Even some lawmakers who support the FTC’s Facebook suit expressed bemusement about the agency’s 180-degree shift in its thinking toward the WhatsApp and Instagram deals.

“I am glad to see that our antitrust enforcers are finally taking the threats posed by Big Tech seriously,” Sen. Mike Lee (R-Utah) said in a statement Wednesday about what he called the FTC’s “belated” lawsuit. He added, “At the same time, the FTC previously cleared both the Instagram and WhatsApp acquisitions, and I hesitate to congratulate it now for trying to clean up its own mess.”
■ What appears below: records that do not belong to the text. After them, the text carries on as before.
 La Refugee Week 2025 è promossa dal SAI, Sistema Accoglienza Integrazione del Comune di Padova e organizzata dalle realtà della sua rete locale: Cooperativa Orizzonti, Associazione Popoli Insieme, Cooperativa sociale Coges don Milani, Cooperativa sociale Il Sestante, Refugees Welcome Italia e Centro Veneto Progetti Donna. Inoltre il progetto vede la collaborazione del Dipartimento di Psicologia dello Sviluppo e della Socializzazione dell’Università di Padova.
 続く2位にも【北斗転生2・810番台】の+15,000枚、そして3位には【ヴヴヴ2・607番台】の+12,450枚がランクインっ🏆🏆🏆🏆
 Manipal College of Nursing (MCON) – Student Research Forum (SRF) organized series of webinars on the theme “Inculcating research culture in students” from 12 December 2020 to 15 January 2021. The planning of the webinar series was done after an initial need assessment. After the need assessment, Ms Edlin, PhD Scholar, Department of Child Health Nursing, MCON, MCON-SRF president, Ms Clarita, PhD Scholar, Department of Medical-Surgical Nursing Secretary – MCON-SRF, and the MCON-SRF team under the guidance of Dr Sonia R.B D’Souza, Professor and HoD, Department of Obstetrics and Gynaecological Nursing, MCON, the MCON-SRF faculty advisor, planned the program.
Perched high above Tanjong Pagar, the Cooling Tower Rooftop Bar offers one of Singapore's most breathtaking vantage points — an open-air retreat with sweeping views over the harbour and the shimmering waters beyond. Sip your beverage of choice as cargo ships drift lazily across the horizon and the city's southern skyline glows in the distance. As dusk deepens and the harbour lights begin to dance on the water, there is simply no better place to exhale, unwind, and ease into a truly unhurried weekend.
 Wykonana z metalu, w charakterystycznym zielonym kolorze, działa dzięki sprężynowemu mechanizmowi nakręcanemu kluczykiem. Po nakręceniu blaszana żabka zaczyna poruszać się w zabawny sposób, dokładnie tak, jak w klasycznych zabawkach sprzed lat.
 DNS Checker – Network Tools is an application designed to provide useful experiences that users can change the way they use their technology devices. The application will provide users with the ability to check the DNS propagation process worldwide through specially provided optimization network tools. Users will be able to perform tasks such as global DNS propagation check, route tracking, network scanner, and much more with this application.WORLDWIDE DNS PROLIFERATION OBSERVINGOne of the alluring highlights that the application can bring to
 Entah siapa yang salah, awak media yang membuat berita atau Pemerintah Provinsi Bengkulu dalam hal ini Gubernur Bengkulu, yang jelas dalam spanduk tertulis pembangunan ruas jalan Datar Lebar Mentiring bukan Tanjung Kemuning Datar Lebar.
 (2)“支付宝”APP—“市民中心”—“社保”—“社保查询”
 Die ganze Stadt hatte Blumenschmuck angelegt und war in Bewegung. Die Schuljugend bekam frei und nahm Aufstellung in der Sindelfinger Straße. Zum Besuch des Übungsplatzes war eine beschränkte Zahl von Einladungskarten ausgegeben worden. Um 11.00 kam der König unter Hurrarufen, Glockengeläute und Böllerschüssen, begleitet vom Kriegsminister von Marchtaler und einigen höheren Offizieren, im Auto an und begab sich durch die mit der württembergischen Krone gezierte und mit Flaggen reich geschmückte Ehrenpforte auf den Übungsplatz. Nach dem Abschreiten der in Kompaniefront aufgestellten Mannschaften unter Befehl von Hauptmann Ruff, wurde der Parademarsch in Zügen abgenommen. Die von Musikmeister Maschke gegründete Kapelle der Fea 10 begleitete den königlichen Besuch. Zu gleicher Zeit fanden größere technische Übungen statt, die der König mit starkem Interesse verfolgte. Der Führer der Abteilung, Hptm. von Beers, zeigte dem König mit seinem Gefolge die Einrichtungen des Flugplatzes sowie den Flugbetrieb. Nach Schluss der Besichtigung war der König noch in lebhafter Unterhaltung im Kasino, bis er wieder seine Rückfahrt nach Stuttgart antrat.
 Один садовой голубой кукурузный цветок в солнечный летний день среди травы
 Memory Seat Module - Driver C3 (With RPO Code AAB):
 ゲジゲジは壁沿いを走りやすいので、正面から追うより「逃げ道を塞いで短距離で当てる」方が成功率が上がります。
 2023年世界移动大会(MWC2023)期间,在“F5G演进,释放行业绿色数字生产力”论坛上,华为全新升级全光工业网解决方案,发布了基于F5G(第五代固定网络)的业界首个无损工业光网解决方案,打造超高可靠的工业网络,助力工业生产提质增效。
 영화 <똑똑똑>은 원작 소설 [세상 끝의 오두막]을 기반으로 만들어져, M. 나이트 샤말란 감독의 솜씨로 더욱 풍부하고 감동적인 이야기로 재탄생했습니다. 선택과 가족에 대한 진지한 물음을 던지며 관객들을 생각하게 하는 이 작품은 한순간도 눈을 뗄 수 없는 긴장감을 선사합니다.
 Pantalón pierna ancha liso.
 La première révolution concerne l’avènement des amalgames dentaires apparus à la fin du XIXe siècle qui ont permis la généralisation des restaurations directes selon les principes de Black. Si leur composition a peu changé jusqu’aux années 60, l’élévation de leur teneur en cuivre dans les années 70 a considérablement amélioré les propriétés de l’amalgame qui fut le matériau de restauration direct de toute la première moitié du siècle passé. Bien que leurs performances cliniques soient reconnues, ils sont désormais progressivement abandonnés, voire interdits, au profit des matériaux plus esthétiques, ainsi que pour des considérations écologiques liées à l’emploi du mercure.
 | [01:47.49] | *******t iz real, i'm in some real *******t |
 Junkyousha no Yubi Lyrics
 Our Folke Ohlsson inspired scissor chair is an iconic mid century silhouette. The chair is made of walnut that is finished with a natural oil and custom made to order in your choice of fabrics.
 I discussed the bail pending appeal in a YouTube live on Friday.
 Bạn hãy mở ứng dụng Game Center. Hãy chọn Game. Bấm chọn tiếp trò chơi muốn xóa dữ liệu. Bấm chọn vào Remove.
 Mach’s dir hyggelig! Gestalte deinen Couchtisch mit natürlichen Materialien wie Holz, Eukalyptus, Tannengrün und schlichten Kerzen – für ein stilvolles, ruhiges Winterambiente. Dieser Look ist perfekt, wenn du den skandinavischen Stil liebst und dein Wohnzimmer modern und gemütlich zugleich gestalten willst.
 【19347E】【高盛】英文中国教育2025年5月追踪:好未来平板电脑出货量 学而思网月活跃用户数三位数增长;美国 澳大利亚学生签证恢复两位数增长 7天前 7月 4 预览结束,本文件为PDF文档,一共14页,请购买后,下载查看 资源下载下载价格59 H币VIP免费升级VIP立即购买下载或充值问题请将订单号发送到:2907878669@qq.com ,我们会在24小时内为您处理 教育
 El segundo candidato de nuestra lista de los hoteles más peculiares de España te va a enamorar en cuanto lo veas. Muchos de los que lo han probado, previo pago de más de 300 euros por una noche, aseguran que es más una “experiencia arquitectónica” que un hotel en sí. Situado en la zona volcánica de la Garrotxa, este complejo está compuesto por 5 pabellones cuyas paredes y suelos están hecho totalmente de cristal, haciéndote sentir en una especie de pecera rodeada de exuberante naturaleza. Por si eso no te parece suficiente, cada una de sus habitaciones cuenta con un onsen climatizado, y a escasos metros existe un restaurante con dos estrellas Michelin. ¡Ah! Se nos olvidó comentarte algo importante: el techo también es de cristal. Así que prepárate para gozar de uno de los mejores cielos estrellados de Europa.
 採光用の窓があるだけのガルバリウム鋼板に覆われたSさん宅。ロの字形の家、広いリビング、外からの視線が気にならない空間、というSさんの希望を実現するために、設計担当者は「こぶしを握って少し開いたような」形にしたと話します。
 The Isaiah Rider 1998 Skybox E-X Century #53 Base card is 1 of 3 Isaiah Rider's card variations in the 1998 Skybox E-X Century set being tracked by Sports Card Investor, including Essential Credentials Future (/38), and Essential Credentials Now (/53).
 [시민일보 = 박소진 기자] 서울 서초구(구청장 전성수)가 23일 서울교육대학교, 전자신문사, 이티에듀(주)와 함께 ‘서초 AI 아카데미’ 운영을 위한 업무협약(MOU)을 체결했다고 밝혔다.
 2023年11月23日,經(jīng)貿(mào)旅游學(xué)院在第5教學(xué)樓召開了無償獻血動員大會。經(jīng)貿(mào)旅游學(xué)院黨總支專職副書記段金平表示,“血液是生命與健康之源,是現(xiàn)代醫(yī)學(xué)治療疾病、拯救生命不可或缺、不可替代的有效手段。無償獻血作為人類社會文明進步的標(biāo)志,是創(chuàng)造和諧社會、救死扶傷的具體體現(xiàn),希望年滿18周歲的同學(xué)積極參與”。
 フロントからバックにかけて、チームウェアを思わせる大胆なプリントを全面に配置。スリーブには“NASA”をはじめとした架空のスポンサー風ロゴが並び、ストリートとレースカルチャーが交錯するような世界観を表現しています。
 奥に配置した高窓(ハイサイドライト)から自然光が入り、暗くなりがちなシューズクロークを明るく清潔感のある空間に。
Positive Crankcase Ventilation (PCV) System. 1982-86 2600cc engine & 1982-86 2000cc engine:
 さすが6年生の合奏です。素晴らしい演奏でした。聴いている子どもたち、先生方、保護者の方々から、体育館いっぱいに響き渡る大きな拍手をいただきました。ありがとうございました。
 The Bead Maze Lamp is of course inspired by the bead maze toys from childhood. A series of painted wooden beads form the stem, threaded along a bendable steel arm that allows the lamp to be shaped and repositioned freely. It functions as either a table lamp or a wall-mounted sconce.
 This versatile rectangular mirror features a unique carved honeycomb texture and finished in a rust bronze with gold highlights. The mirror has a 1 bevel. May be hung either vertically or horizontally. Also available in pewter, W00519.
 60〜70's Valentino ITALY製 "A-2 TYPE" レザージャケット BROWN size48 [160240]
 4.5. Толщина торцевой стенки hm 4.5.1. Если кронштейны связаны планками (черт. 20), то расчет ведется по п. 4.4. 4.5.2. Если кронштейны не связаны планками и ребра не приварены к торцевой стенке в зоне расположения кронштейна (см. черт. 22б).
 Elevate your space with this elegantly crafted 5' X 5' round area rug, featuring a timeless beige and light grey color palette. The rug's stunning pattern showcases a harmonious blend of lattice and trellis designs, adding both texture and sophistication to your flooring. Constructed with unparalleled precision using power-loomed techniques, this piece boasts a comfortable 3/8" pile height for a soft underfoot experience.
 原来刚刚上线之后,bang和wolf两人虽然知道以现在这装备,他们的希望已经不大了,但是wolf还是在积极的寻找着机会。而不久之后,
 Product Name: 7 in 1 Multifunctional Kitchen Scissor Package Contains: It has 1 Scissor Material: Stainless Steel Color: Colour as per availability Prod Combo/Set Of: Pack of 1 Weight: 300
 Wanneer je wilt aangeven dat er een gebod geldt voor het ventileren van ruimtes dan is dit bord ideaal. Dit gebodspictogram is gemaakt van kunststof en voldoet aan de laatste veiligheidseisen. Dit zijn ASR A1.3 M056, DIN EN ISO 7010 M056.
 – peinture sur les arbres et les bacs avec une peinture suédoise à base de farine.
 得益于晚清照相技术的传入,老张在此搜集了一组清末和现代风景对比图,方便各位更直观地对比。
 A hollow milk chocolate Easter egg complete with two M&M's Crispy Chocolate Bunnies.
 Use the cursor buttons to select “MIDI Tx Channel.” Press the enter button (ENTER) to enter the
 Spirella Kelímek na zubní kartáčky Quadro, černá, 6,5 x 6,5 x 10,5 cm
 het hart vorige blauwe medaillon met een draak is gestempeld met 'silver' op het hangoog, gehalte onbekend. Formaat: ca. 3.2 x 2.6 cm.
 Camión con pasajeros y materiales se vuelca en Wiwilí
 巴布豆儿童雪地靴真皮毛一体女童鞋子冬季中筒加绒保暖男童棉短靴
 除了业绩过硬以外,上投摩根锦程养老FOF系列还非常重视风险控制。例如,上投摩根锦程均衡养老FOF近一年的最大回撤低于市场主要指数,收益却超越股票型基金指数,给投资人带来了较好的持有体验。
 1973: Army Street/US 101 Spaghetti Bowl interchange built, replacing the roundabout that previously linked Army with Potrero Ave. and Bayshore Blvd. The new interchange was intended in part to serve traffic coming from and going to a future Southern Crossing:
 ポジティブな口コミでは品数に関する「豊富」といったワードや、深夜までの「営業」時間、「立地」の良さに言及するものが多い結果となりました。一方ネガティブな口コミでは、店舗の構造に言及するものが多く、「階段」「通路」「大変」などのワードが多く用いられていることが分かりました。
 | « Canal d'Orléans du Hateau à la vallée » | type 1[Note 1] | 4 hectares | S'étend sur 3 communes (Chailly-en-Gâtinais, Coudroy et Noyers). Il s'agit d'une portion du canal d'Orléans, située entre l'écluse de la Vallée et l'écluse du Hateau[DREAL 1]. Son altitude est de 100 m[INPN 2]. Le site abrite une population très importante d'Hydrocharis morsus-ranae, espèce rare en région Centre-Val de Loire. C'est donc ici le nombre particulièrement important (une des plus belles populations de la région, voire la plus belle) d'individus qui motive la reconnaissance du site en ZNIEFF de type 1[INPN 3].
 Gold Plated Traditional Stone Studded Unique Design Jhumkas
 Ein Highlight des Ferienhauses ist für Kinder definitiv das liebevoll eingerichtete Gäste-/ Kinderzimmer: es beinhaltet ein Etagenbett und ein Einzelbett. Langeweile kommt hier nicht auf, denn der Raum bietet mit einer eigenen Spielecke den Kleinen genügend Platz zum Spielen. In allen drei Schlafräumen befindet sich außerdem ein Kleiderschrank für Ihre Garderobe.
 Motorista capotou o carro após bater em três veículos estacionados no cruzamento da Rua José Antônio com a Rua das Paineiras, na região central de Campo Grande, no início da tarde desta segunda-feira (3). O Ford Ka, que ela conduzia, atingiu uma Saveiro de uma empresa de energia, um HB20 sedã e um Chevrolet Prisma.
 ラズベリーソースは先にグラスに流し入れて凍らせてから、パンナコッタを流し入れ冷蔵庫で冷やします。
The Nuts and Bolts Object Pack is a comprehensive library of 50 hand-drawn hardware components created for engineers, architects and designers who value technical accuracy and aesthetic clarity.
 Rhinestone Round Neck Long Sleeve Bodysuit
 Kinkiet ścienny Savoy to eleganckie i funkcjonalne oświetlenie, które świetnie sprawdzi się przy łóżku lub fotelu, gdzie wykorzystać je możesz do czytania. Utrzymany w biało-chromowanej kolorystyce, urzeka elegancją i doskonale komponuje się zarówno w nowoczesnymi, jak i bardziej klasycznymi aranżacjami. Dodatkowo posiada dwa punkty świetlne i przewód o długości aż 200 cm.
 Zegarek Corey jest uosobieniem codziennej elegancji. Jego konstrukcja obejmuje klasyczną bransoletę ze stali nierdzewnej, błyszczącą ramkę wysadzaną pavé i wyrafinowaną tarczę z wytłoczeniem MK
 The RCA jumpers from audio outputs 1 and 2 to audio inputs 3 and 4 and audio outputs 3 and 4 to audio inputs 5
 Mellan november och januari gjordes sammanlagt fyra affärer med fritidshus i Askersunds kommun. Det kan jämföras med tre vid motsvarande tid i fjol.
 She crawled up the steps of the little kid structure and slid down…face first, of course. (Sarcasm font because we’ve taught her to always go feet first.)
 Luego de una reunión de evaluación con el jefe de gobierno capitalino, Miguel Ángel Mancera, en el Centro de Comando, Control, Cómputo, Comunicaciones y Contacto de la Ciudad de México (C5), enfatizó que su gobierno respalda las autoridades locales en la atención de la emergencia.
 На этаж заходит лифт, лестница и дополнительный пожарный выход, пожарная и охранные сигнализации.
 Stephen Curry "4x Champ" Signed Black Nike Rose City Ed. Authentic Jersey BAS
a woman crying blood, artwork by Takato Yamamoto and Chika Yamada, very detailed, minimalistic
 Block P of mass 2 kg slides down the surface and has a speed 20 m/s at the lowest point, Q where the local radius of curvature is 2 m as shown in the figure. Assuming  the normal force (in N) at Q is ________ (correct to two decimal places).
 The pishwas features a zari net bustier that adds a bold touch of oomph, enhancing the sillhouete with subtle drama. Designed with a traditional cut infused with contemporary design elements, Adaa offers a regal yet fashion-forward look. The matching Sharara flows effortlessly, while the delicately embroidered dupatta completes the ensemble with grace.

The commission has shown signs earlier this year that it is taking a new look at tech industry transactions that it had originally deemed too small to warrant its scrutiny. In February, the FTC announced that it had issued investigative subpoenas to Facebook, Amazon, Apple, Microsoft and Google’s parent Alphabet, demanding information on 10 years’ worth of mergers, as part of a study into acquisitions of startups.
It’s still unclear how much President-elect Joe Biden’s administration will embrace the changing zeitgeist. The FTC’s two Democrats, Commissioners Rohit Chopra and Rebecca Kelly Slaughter, both voted for the Facebook suit this week along with the agency’s Republican chair, Joseph Simons, while the other two Republican commissioners voted against it. Simons is expected to step down in the next month, leaving the FTC with a 2-2 partisan split.